- WORK INSTRUCTIONS
The first line of the listing opens the range and the line with "Semi-custom wedding invitations" closes it; repeat those lines and all between them word for word, leaving out the pictures.

- DATASET EXCERPT
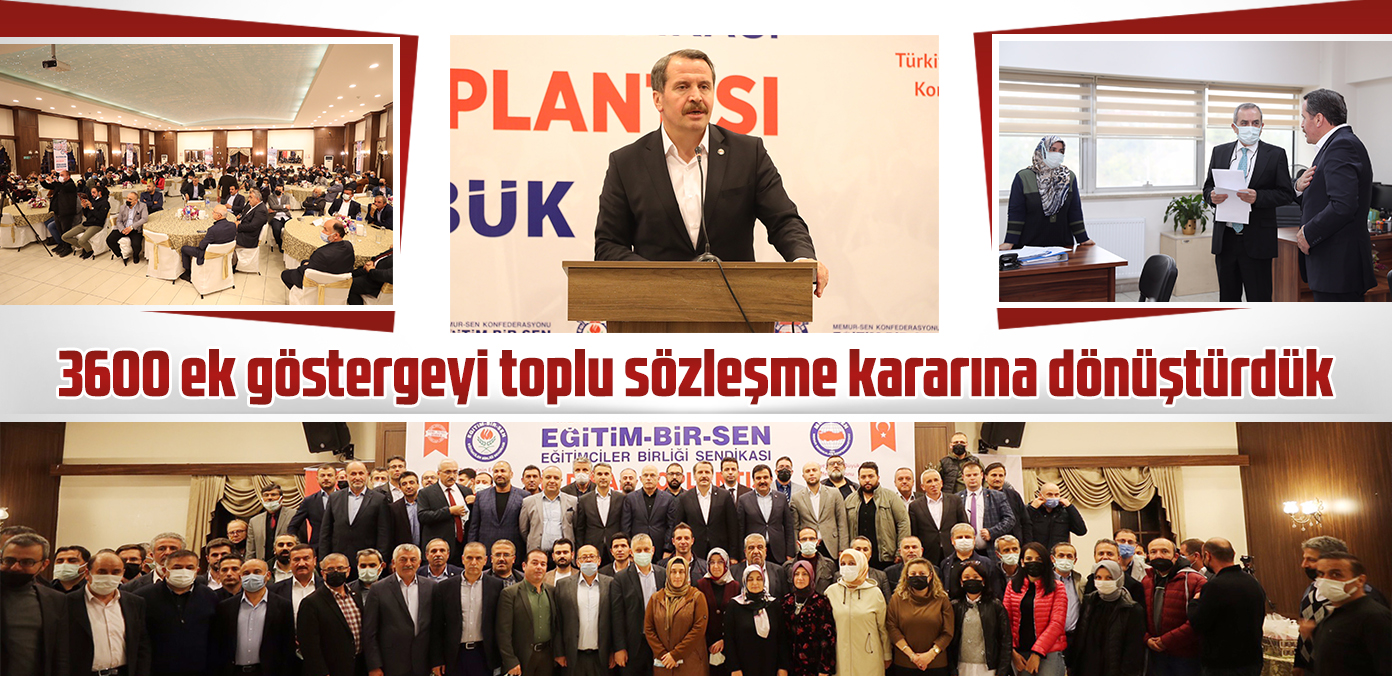 Eğitim-Bir-Sen ve Memur-Sen Genel Başkanı Ali Yalçın, 3600 ek gösterge ve sözleşmeli istihdamı, ‘toplu sözleşmenin konusu değil’den toplu sözleşmenin kararına dönüştürdüklerini belirterek, “3600’ü, ek göstergelerin yeniden düzenlenmesi konusunu yetkili konfederasyon olarak her toplu sözleşmede masaya taşıdık. Israrımız sonucu, ek gösterge konusu ‘masayı aşar’dan ‘masa bunu da kapsar’a döndü” dedi.
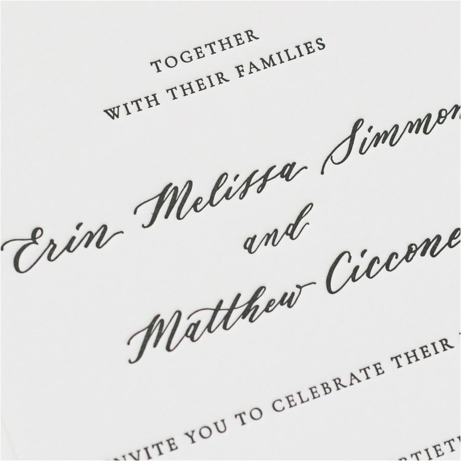 Semi-custom wedding invitations are pre-designed to offer the ability to make customizations for a personal touch with a quicker turnaround than fully custom invitation suites. All semi-custom designs can be personalized by selecting colors, paper type, and printing method, and by adding embellishments such as calligraphy addressing, envelope liners, wax seals, ribbon or twine, vellum wraps, custom postage, and more.
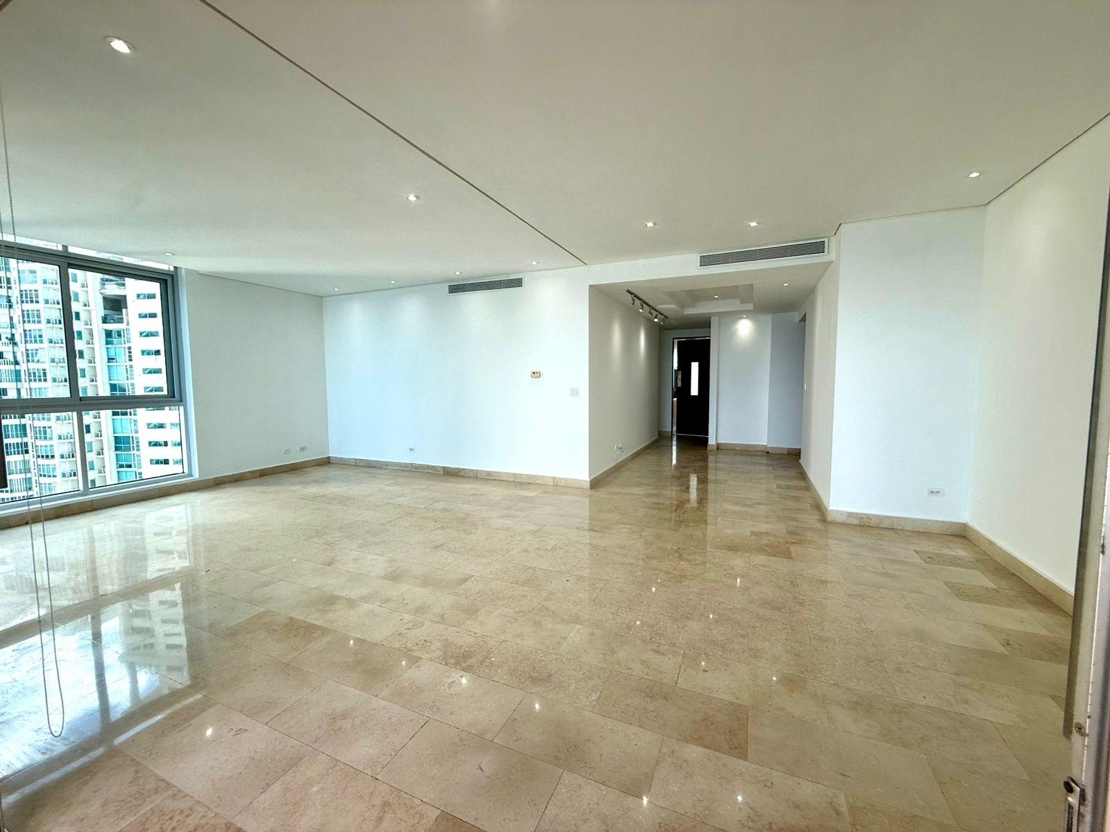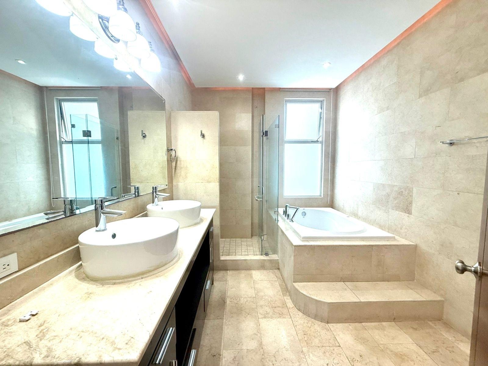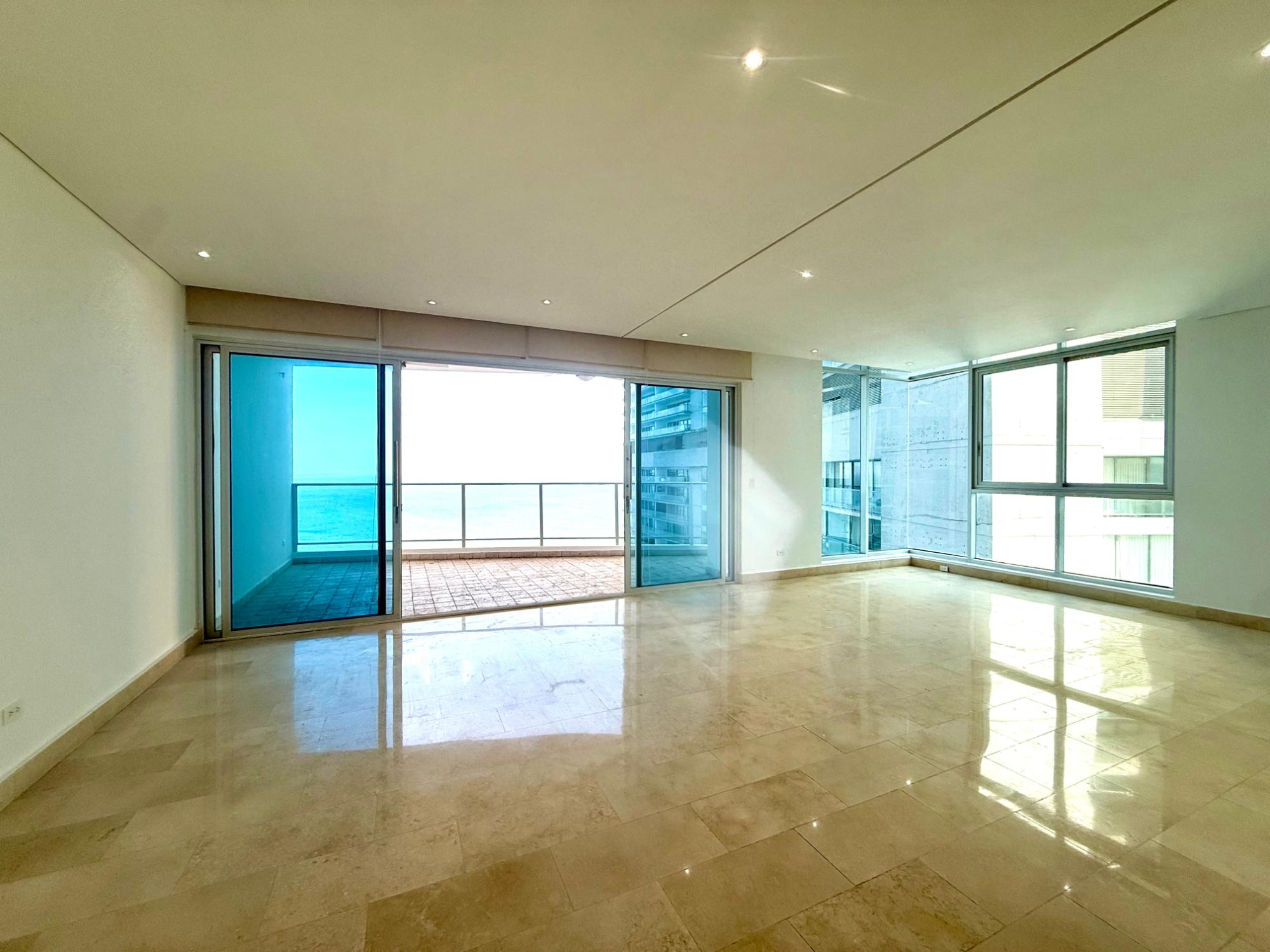 Espectacular apartamento de 260 m² con una excelente distribución y preciosas vistas al mar. La propiedad destaca por sus amplios espacios y luminosidad, comenzando por un generoso balcón ideal para disfrutar del entorno. Cuenta con una elegante sala-comedor de gran tamaño y una cocina cerrada en muy buen estado, equipada con aire acondicionado, lavavajillas y estufa nuevos, además de ventana que favorece una óptima ventilación cruzada. Dispone también de una amplia área de lavandería. El área privada está inteligentemente separada mediante una puerta, ofreciendo mayor privacidad. En esta zona se encuentra un acogedor den que conecta con tres habitaciones espaciosas, todas con su propio clóset y baño en suite. La recámara principal es especialmente amplia, con vistas al mar y un baño en suite de gran tamaño que incluye ventana, doble lavamanos, ducha y bañera. El apartamento se encuentra en impecable estado, listo para ocupar. Además, cuenta con dos estacionamientos, uno junto al otro, y un depósito. Una oportunidad única para quienes buscan amplitud, confort y una ubicación privilegiada. Contáctanos para más información o para coordinar una visita.”

- SOLUTION
 Eğitim-Bir-Sen ve Memur-Sen Genel Başkanı Ali Yalçın, 3600 ek gösterge ve sözleşmeli istihdamı, ‘toplu sözleşmenin konusu değil’den toplu sözleşmenin kararına dönüştürdüklerini belirterek, “3600’ü, ek göstergelerin yeniden düzenlenmesi konusunu yetkili konfederasyon olarak her toplu sözleşmede masaya taşıdık. Israrımız sonucu, ek gösterge konusu ‘masayı aşar’dan ‘masa bunu da kapsar’a döndü” dedi.
 Semi-custom wedding invitations are pre-designed to offer the ability to make customizations for a personal touch with a quicker turnaround than fully custom invitation suites. All semi-custom designs can be personalized by selecting colors, paper type, and printing method, and by adding embellishments such as calligraphy addressing, envelope liners, wax seals, ribbon or twine, vellum wraps, custom postage, and more.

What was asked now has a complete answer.